I'm having a hard time figuring out how string syntax works in Rust. Specifically, I'm trying to figure out how to make a multiple line string.
All string literals can be broken across several lines; for example:
let string = "line one
line two";
is a two line string, the same as "line one\nline two" (of course one can use the \n newline escape directly too). If you wish to just break a string across multiple lines for formatting reasons you can escape the newline and leading whitespace with a \; for example:
let string = "one line \
written over \
several";
is the same as "one line written over several".
If you want linebreaks in the string you can add them before the \:
let string = "multiple\n\
lines\n\
with\n\
indentation";
It's the same as "multiple\nlines\nwith\nindentation";
In case you want to do something a bit longer, which may or may not include quotes, backslashes, etc., use the raw string literal notation:
let shader = r#"
#version 330
in vec4 v_color;
out vec4 color;
void main() {
color = v_color;
};
"#;
If you have sequences of double quotes and hash symbols within your string, you can denote an arbitrary number of hashes as a delimiter:
let crazy_raw_string = r###"
My fingers #"
can#"#t stop "#"" hitting
hash##"#
"###;
Outputs:
#version 330
in vec4 v_color;
out vec4 color;
void main() {
color = v_color;
};
Playground link
Huon's answer is correct but if the indentation bothers you, consider using Indoc which is a procedural macro for indented multi-line strings. It stands for "indented document." It provides a macro called indoc!() that takes a multiline string literal and un-indents it so the leftmost non-space character is in the first column.
let s = indoc! {"
line one
line two
"};
The result is "line one\nline two\n".
Whitespace is preserved relative to the leftmost non-space character in the document, so the following has line two indented 3 spaces relative to line one:
let s = indoc! {"
line one
line two
"};
The result is "line one\n line two\n".
If you want to have fine granular control over spaces in multiline strings with linebreaks without using an external crate you can do the follwing. Example taken from my own project.

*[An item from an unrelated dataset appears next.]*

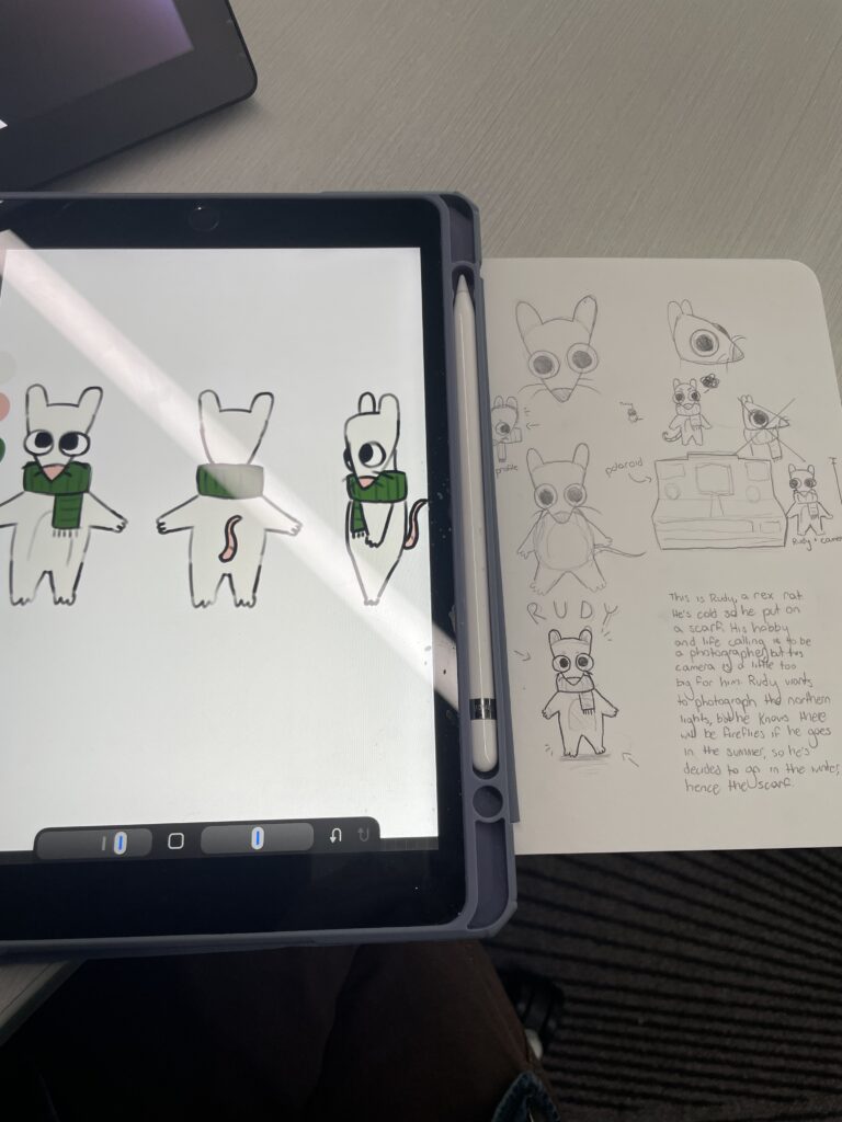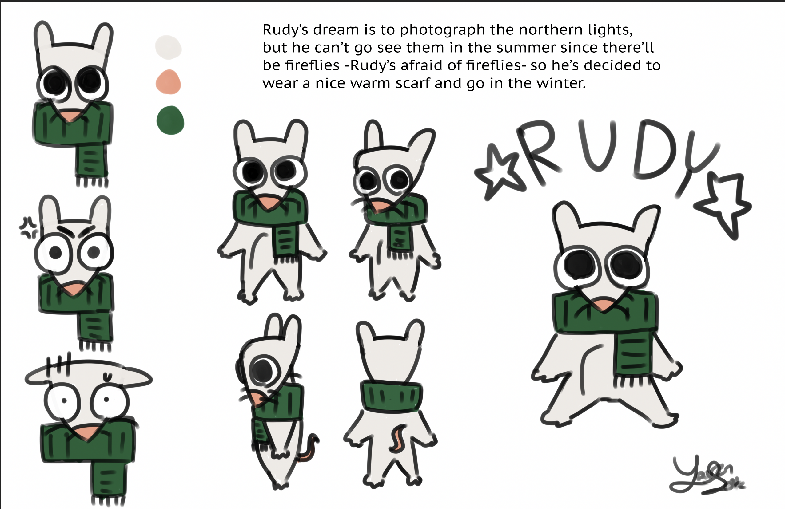 I started with making concept art: sketching Rudy's form and eventually adding his scarf. Then I recreated Rudy in photoshop, added color, and then went about creating the different sketches.

impl Display for OCPRecData {
fn fmt(&self, f: &mut Formatter<'_>) -> fmt::Result {
write!(f, "OCPRecData {{\n\
\x20 msg: {:?}\n\
\x20 device_name: {:?}\n\
\x20 parent_device_name: {:?}\n\
}}", self.msg, self.device_name, self.parent_device_name)
}
}
Results in
OCPRecData {
msg: Some("Hello World")
device_name: None
parent_device_name: None
}
\n\ at each code line end creates a line break at the proper position and discards further spaces in this line of code
\x20 (hex; 32 in decimal) is an ASCII space and an indicator for the first space to be preserved in this line of the string
\x20\x20\x20\x20 and \x20 have the same effect
In case you want to indent multiline text in your code:
let s = "first line\n\
second line\n\
third line";
println!("Multiline text goes next:\n{}", s);
The result will be the following:
Multiline text goes next:
first line
second line
third line